本日のブログは前回の『381系誕生秘話~part7~』の続きです。

「山陽新幹線岡山延伸とやくも」

ヨンサントオの前年1967年、新大阪-岡山の山陽新幹線の工事が着工されるとその翌年から伯備線の軌道改良工事が始まりました。これは新幹線が岡山まで伸びることによって、これまでの京都口からの山陰本線や新大阪口からの福知山線の陰陽連絡線というものを見直し、岡山口(倉敷)に接続する伯備線ルートを新たな陰陽連絡線とするもので、新幹線の岡山と山陰を結ぶ連絡特急を運行させようというものです。

しかし、当時の伯備線は非電化の単線のローカル線で線路等級も4級線(丙線)と低く、新幹線の速達性を生かしての特急列車の運行には程遠いものでした。そこで国鉄では当時、「特急しなの」としてデビュー前のキハ181系を「特急おき」として伯備線に投入し、新幹線の速達性を活かそうと考えました。

伯備線の軌道改良工事はその為のもので、軌道改良は倉敷-備中高梁間の線路等級のアップと複線化でしたが、その先の中国山地越えの本格的な山岳路線に当たる備中高梁-江尾間(84.1km)は急勾配と急カーブが連続するため、高出力のキハ181でも速度を落としての運行を強いられました。

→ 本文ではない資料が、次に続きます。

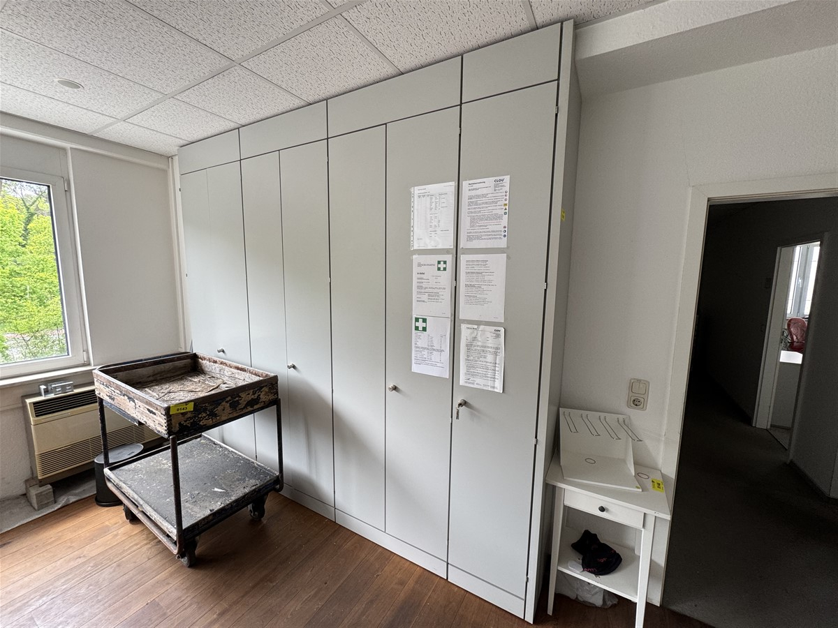 1 Einbauschrank, 3 Felder, mit Doppelflügeltüren und 1 Einzelfeld, schmal, ohne Doppeltür, Farbe: grau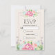 An RSVP card with a pretty watercolor design. Pink flowers arranged in a beautiful bouquet.
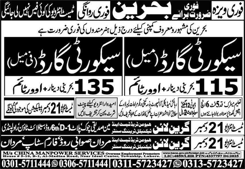 Security Guard jobs in Bahrain 2025 announce the Contract career opportunities for the post of See Below Ad in Bahrain for the fresh and experienced candidates on Contract basis who have Check Advertisement degree. Posted date of this post is 20/12/2025 and the last date is 21/12/2025. if you are eligible for this job apply before due date.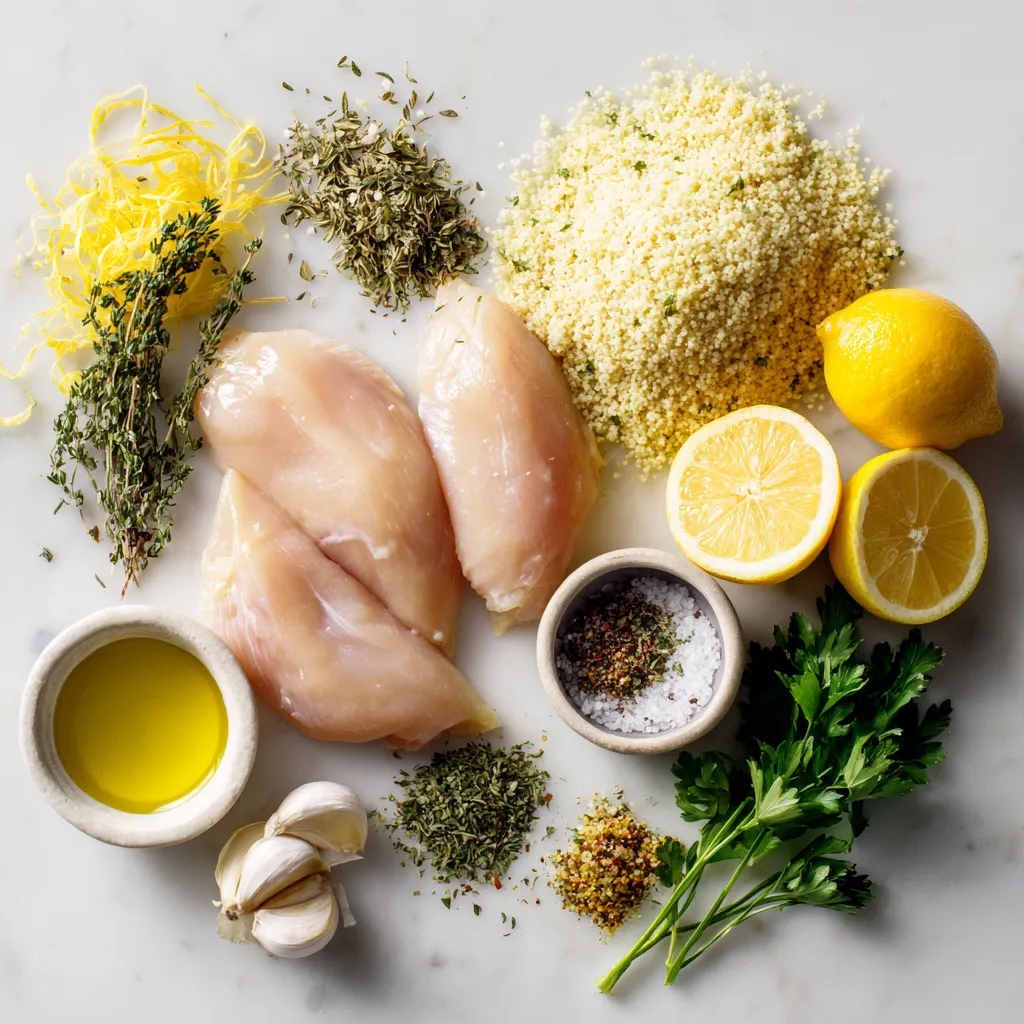 The main ingredients in this dish create a bright and zesty flavor. The chicken provides protein, while couscous adds a nice texture. Lemon zest and juice give it a refreshing kick. Garlic, herbs, and spices enhance the overall taste.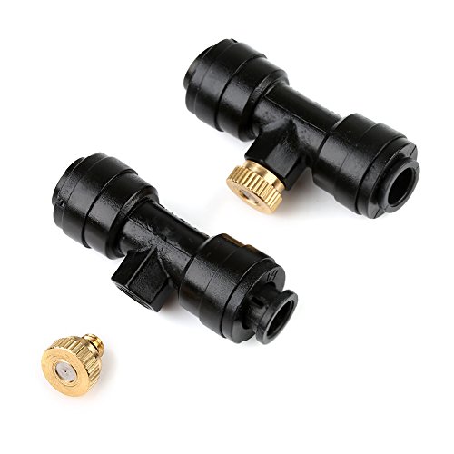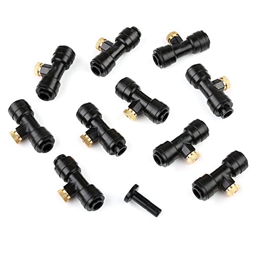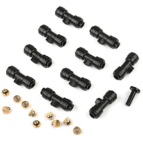 VERY100 噴霧冷却システム散水用具 1/4" ホース対応 ネジ10/24 ミストノズルとコネクターキット 取付簡単 DIY (10ノズルティー+10ノズル+1プラグ)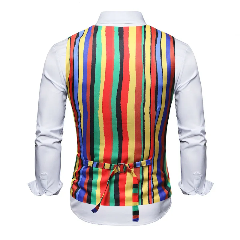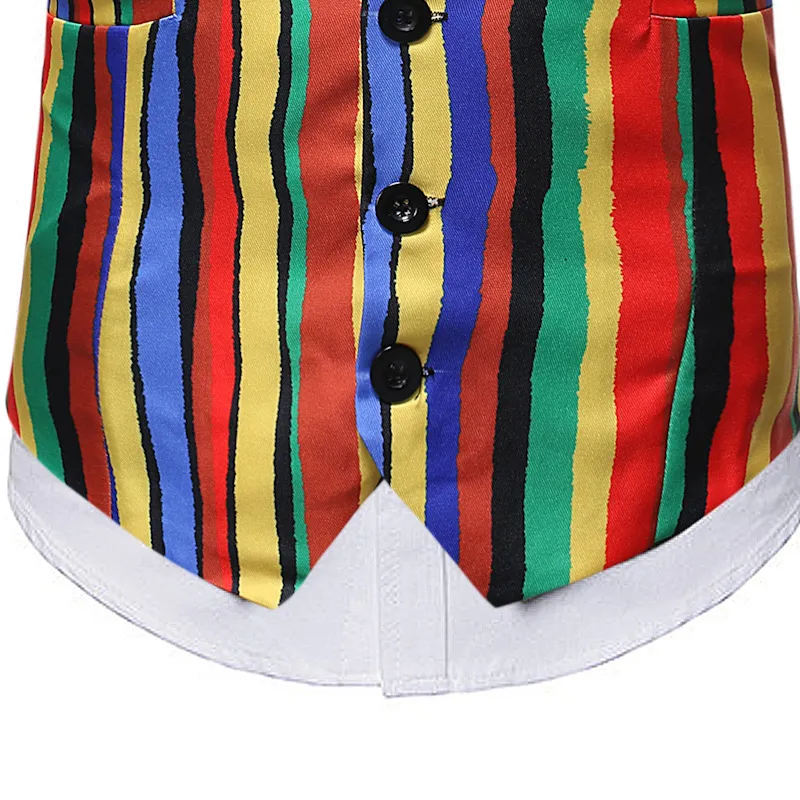 In addition to its vibrant design, the rainbow waistcoat offers a comfortable and flattering fit, making it suitable for various occasions. Its versatility means it can be dressed up or down, allowing you to wear it in both casual and formal settings.

その結果、伯備線内での「おき」の表定速度は60km/hにも満たない結果となり、その後、伯備線へのキハ391系ガスタービン車の試験導入とつながりました。そのキハ391系ガスタービン車も初期試験で幾つかの不具合が出たものの、その都度、改善策が施され、伯備線内の走行試験では表定速度79km/hを記録するなど良い結果をもたらしました。

キハ181系特急やくも

しかし、最後まで騒音とアイドリング時の燃費の問題は解決に至らず、オイルショックによる化石燃料の高騰から計画そのものが中止されました。その後の伯備線ルートによる陰陽連絡線計画はそのまま「キハ181系やくも」で実施され、1982年伯備線の全線電化による381系やくもに引き継がれたのでした。

381系特急やくも

最後までご覧いただき、ありがとうございました。